- **Data below**:
___

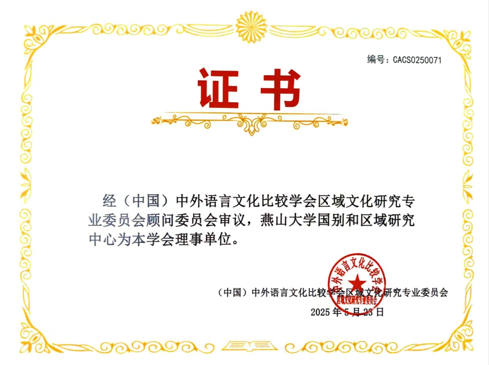 复旦大学建校120周年校庆之际,5月23-25日,“全球化背景下的区域国别研究:视域拓展与学科融合”论坛暨(中国)中外语言文化比较学会区域文化研究专业委员会成立大会在复旦大学召开,来自中国社会科学院和中山大学、清华大学等近200所高校的380位学者到场参会。在大会上,燕山大学国别和区域研究中心入选区域文化研究专业委员会理事单位。
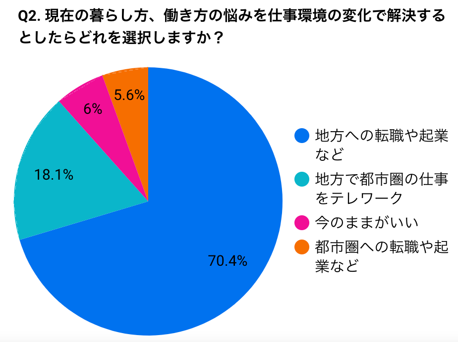 仕事環境の変化で今感じている課題を解決するとしたらどの方法を選ぶか「都市圏への転職や起業など」「地方で都市圏の仕事をテレワーク」「地方への転職や起業など」「今のままがいい」の4つの選択肢から回答を得たところ、3つめの「地方への転職や起業など」を希望している人が全体の70.4%を占めました。ここから、地方を拠点にしたライフスタイルにシフトしたいと考える傾向が高いことが伺えます。
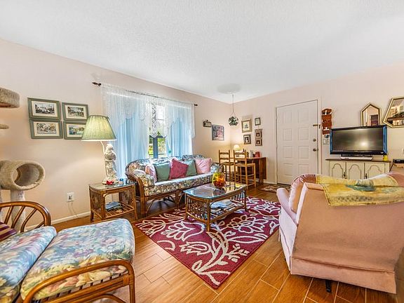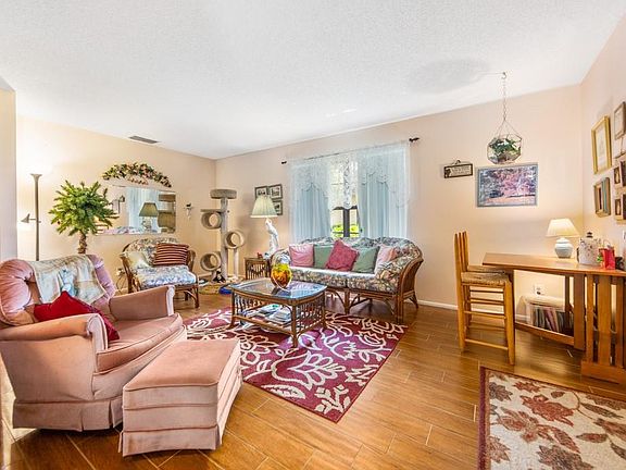 Come see this free standing villa with a one car garage in beautiful 55+ maintenance free community Cambridge Village. This 2bedroom, 2 bath home has an open and easy to navigate floorpan. Featuring multiple sitting rooms ands a large enclosed Florida room. With lots of natural light and views of your back yard, an ideal setting for easy relaxing days. The kitchen has a enclosed dining area. The community is pet friendly and features a community pool and clubhouse. With a location close to shops, restaurants, entertainment, medical offices and the local beaches.

___

- **Task requirements**: Output the whole listing again, exactly, without its pictures.

- **Response for this exercise**:
 复旦大学建校120周年校庆之际,5月23-25日,“全球化背景下的区域国别研究:视域拓展与学科融合”论坛暨(中国)中外语言文化比较学会区域文化研究专业委员会成立大会在复旦大学召开,来自中国社会科学院和中山大学、清华大学等近200所高校的380位学者到场参会。在大会上,燕山大学国别和区域研究中心入选区域文化研究专业委员会理事单位。
 仕事環境の変化で今感じている課題を解決するとしたらどの方法を選ぶか「都市圏への転職や起業など」「地方で都市圏の仕事をテレワーク」「地方への転職や起業など」「今のままがいい」の4つの選択肢から回答を得たところ、3つめの「地方への転職や起業など」を希望している人が全体の70.4%を占めました。ここから、地方を拠点にしたライフスタイルにシフトしたいと考える傾向が高いことが伺えます。
 Come see this free standing villa with a one car garage in beautiful 55+ maintenance free community Cambridge Village. This 2bedroom, 2 bath home has an open and easy to navigate floorpan. Featuring multiple sitting rooms ands a large enclosed Florida room. With lots of natural light and views of your back yard, an ideal setting for easy relaxing days. The kitchen has a enclosed dining area. The community is pet friendly and features a community pool and clubhouse. With a location close to shops, restaurants, entertainment, medical offices and the local beaches.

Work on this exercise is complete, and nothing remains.